From at least 1816, the Inn was owned by a succession of three separate people all named Robert Bowman. By 1855, Alfred Bowman was in charge and sold the business through auction in that year. By 1865, the Falcon was owned by Bridges and Cuthbert, who established a holding company which also acquired the Cross Keys Brewery, on Culver St, in Colchester, before ultimately going bankrupt in 1868.

The pubcpassed into the hands of the Norfolk & Suffolk Brewery Co., Ltd in 1886. Norfolk & Suffolk was renamed the Colchester Brewing Company the following year, at which time the Falcon Brewery, the brewhouse at the Inn, was closed.

Upon closure of the brewery, the pub began selling Ind Coope products and was commercially run by the pubs' group Punch.
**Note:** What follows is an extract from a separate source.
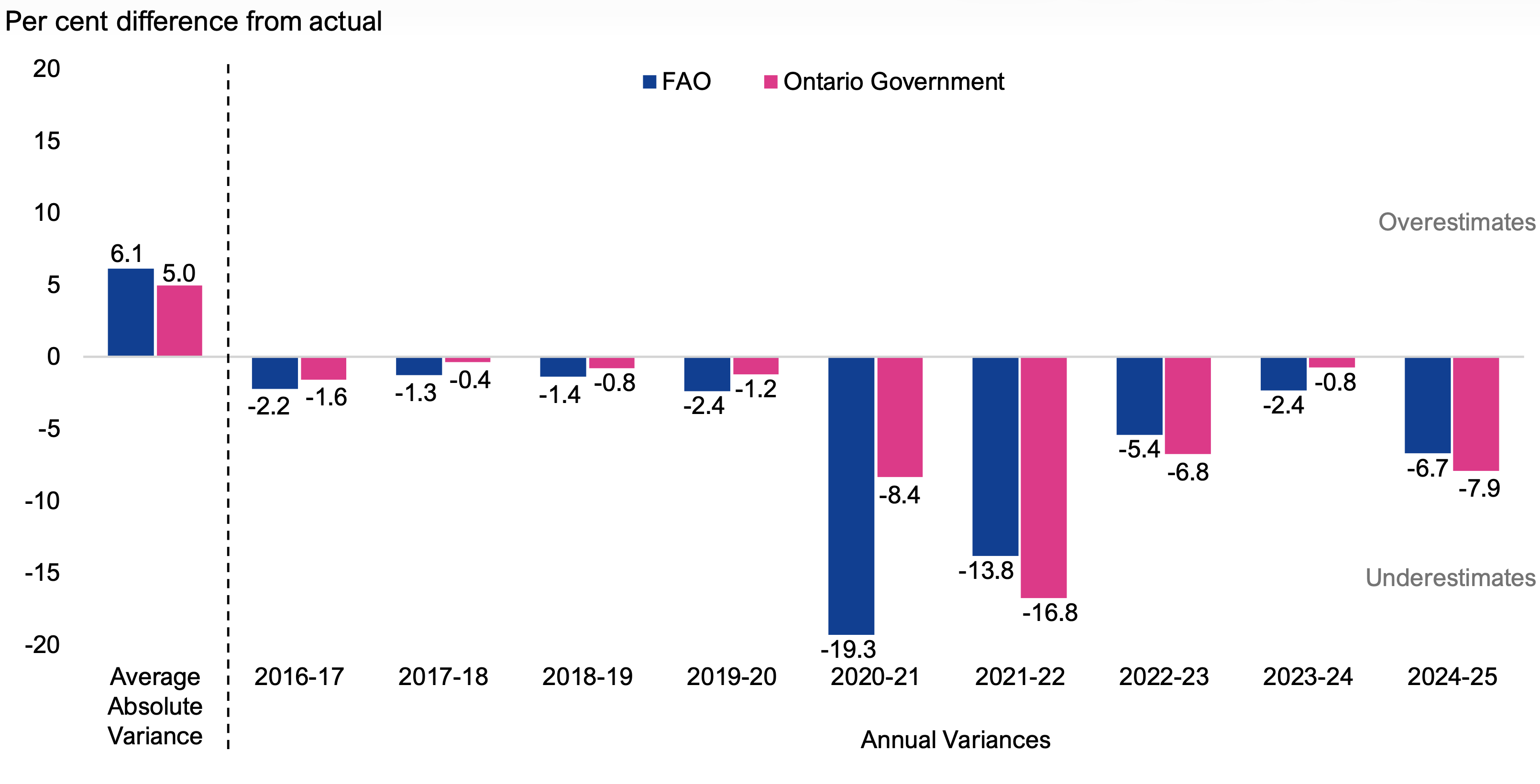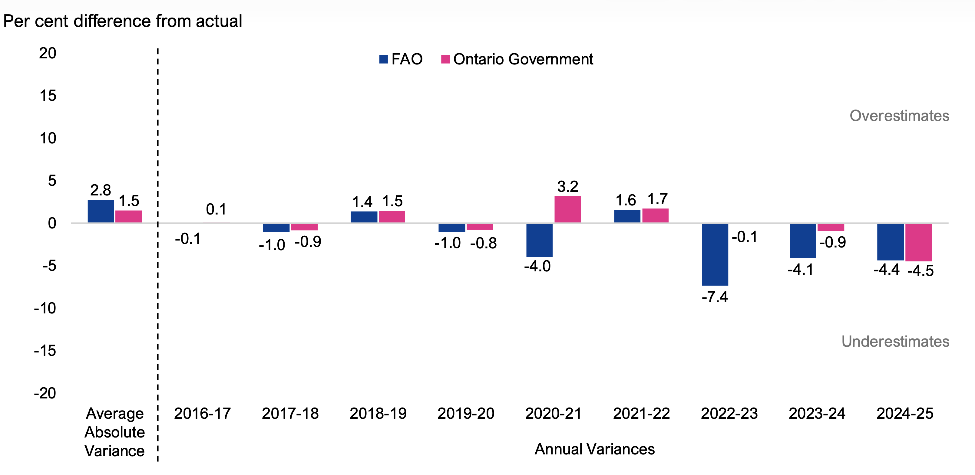 [7] For example, the forecast variance for 2024-25 is calculated as the difference between the FAO’s forecast for 2024-25, published on May 15, 2024 in the Spring 2024 Economic and Budget Outlook, and the actual results released in the 2024-25 Public Accounts of Ontario, published on September 26, 2025.

In 2010, the Falcon Inn rebranded and became known as "Bowmans Bar and Lounge". This iteration of the public house closed due to bankruptcy in 2017.

The pub reopened in 2018, once again under the Falcon Inn name.

Historically, the pub featured an attached music hall, where the Ipswich Industrial Co-operative Society was founded on 3 March 1868.